Looking at the Hum Map can be misleading, because heavy concentrations of Hum reports typically correlate with higher population densities. The regions of interest are where hum reports do not follow population density. One place in particular caught my eye: Vancouver Island, shown in the map below (for reference, Seattle and Vancouver are included in the screen shot).

Screen Shot 2016-02-06 at 9.56.23 AM

Vancouver Island is fairly big at over 31, 000 square kilometres (about 12, 000 square miles), but its population is only about 750, 000 people. This generates a per capita Hum report concentration of about 1 Hum report for every 17, 500 people.

Now contrast this with South Dakota:

Screen Shot 2016-02-06 at 10.06.15 AM

Four Hum reports among 875, 000 people. That’s a concentration of roughly 1 Hum report for every 210, 000 people. And along with North Dakota, parts of this region are home to one of the best optical fibre internet networks (http://dakotafire.net/article/broadband/). Internet penetration into home ranges from 73% to 80%, depending on the source you use. It could be even higher.

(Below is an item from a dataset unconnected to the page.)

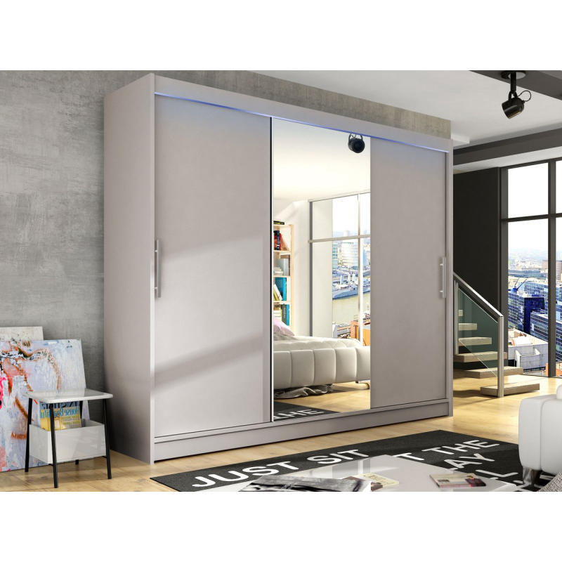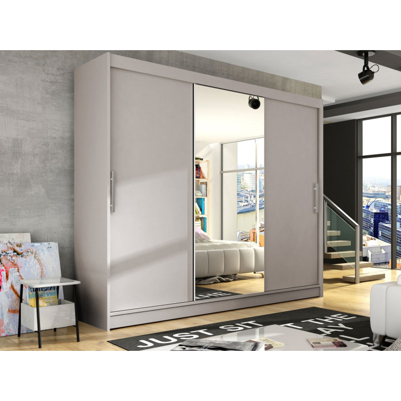Šatní skříň s posuvnými dveřmi Dasto 250 se bude hodit do vaší domácnosti. Vejdou se do ní věci denní potřeby, oblečení i cestovní kufry. Dveře skříně se snadno posouvají a vertikální zrcadlo umístěné na prostředních dveřích opticky zvětšuje místnost. Prostorné police a věšáková tyč pomáhají oddělit oblečení. Úchyty namontované na dveřích usnadňují jejich přemístění v případě potřeby. Šatní skříň lze umístit do ložnice nebo do předsíně jako místo pro svrchní oblečení. Celá konstrukce skříně je vyrobena z laminované desky.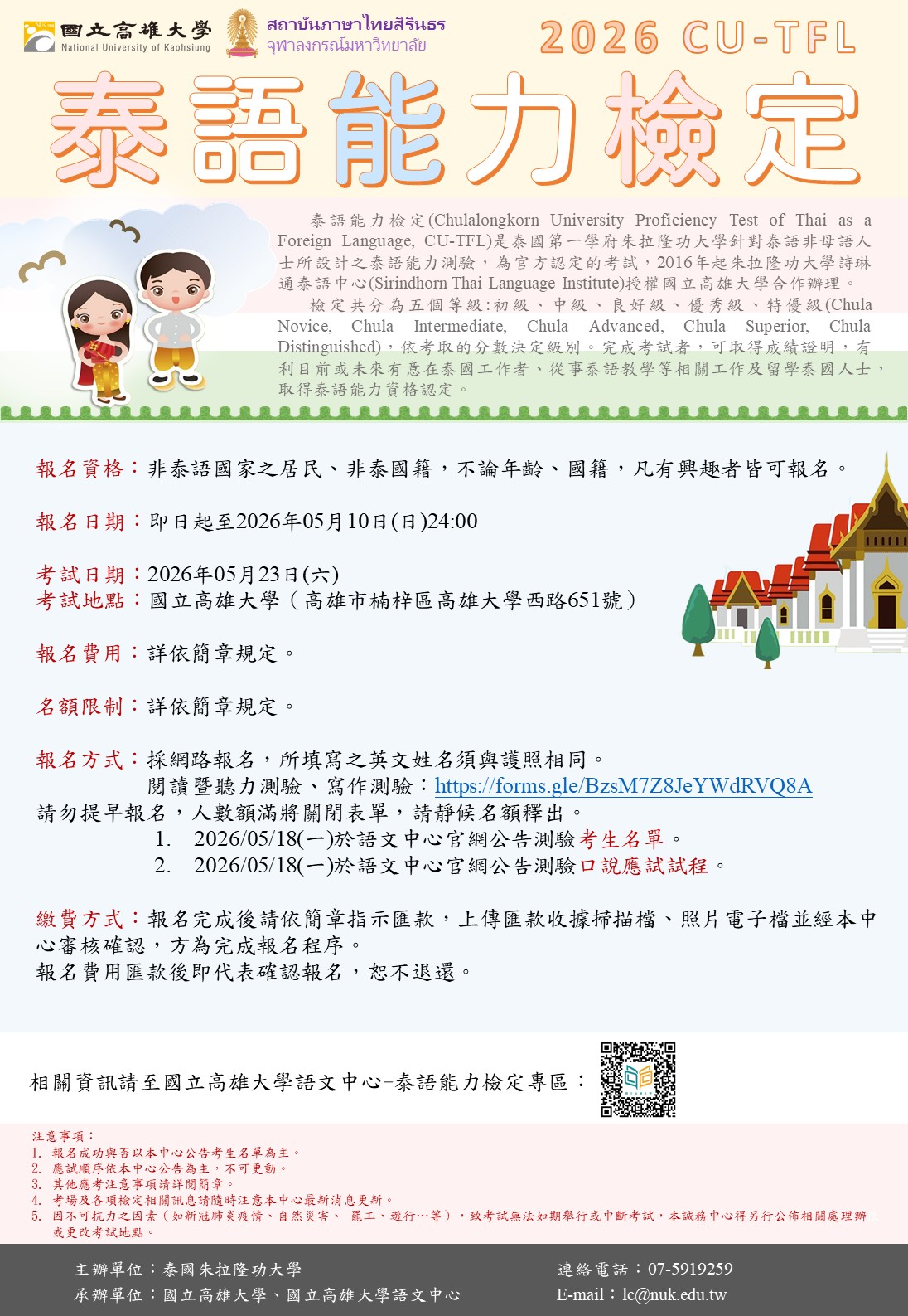 一、旨揭檢定係泰國朱拉隆功大學詩琳通泰語中心授權高雄大學辦理,為官方認定之泰語能力檢定考試。本校語文中心長年辦理成果良好,於114年獲授權為全臺唯一CU-TFL泰語能力檢定認證中心,並於115年與該中心簽署合作備忘錄(MOU),持續深化雙方於語言評量及教育交流之合作。

On a state by state or province by province basis and only on this quick and narrow examination, South Dakota has the lowest concentration of Hum reports. But that’s just an initial look at the Map. I expect others to do in-depth looks at the data, and to report more rigorous results.

Do contact me if you notice any Map points that look suspect or are obviously incorrectly geocoded.


3 Comments

  1. TINMA says:

    Pull up your hum report map, then pull up a map of all the locations of the worlds nuclear power plants. Just a note, if it is powerplants, what is the range of effect? Cheyenne Mountain complex is by Denver, have a look at that. No, there is not any mention of a nuclear power plant but what of the base? Just saying the two maps together look strange.

  2. John Gilmour says:

    It might solve your Mystery, to check the number ofroadway spans along distances supported by cables!
    Cables, could create a hum, with the wind blowing from a particular direction. wires give a high pitched whistle, while cables may “HUM”
    John Gilmour Toronto

  3. Dr. R.stonard says:

    The hum is very intense at times here in south Nanaimo. It was fairly benign this winter but has ramped up markedly the past few weeks. We are obviously in a seismically active area and according to a uk report this is the culprit.